_Your assignment_
Below are records with pictures. Reproduce exactly the lines from the line with "schwere Apparaterolle ·" to the line with "in zerlegbarer Ausführung, aus", inclusive, and leave each picture out.

_Records to process_
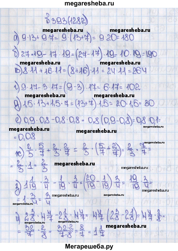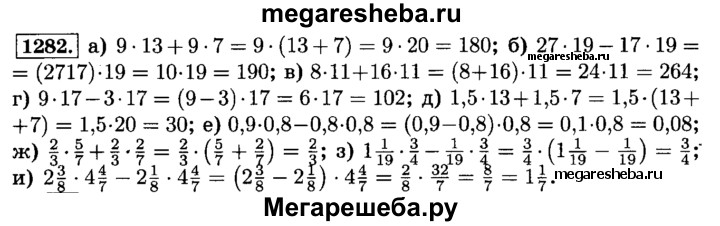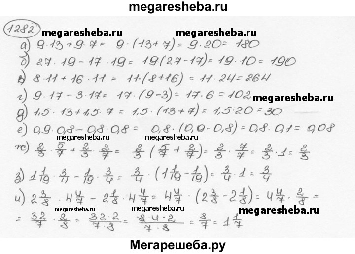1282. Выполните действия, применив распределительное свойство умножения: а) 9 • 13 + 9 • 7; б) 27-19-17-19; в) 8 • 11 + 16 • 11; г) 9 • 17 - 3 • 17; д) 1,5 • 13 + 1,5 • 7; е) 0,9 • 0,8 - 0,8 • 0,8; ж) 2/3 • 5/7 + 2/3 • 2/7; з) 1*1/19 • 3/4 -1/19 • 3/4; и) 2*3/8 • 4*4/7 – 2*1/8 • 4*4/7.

==

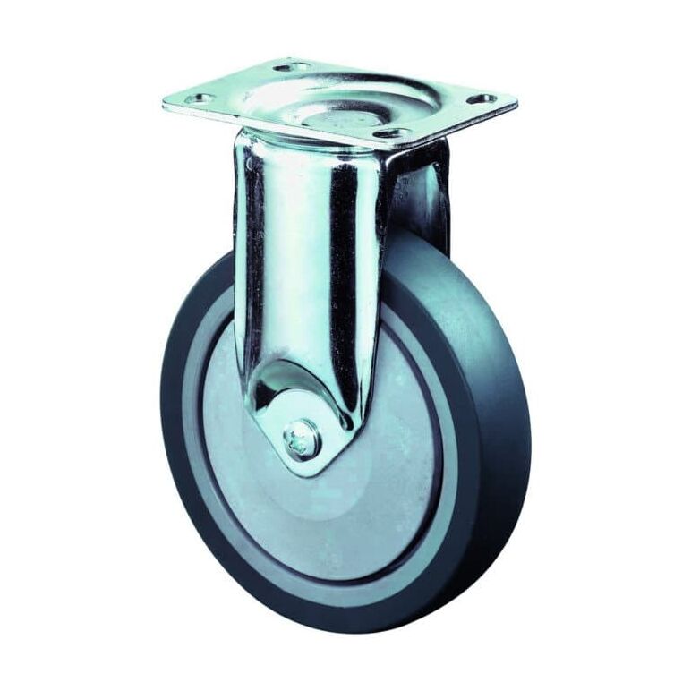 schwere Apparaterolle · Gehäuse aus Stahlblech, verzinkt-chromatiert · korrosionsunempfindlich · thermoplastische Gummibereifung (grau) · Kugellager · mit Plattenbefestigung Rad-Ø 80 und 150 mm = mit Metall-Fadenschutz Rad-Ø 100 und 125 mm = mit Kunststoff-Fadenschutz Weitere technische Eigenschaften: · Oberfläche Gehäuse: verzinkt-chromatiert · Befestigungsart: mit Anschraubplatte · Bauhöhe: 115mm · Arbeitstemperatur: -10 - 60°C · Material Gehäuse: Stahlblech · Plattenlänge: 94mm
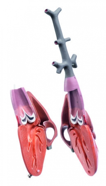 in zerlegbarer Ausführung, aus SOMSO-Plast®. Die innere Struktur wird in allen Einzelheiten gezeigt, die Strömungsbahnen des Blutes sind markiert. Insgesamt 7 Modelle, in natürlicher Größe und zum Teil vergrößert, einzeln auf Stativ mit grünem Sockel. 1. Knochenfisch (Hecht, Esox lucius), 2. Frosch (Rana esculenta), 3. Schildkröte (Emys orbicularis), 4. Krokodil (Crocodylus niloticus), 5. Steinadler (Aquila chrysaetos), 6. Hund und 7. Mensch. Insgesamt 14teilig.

_Result of this exercise_
 schwere Apparaterolle · Gehäuse aus Stahlblech, verzinkt-chromatiert · korrosionsunempfindlich · thermoplastische Gummibereifung (grau) · Kugellager · mit Plattenbefestigung Rad-Ø 80 und 150 mm = mit Metall-Fadenschutz Rad-Ø 100 und 125 mm = mit Kunststoff-Fadenschutz Weitere technische Eigenschaften: · Oberfläche Gehäuse: verzinkt-chromatiert · Befestigungsart: mit Anschraubplatte · Bauhöhe: 115mm · Arbeitstemperatur: -10 - 60°C · Material Gehäuse: Stahlblech · Plattenlänge: 94mm
 in zerlegbarer Ausführung, aus SOMSO-Plast®. Die innere Struktur wird in allen Einzelheiten gezeigt, die Strömungsbahnen des Blutes sind markiert. Insgesamt 7 Modelle, in natürlicher Größe und zum Teil vergrößert, einzeln auf Stativ mit grünem Sockel. 1. Knochenfisch (Hecht, Esox lucius), 2. Frosch (Rana esculenta), 3. Schildkröte (Emys orbicularis), 4. Krokodil (Crocodylus niloticus), 5. Steinadler (Aquila chrysaetos), 6. Hund und 7. Mensch. Insgesamt 14teilig.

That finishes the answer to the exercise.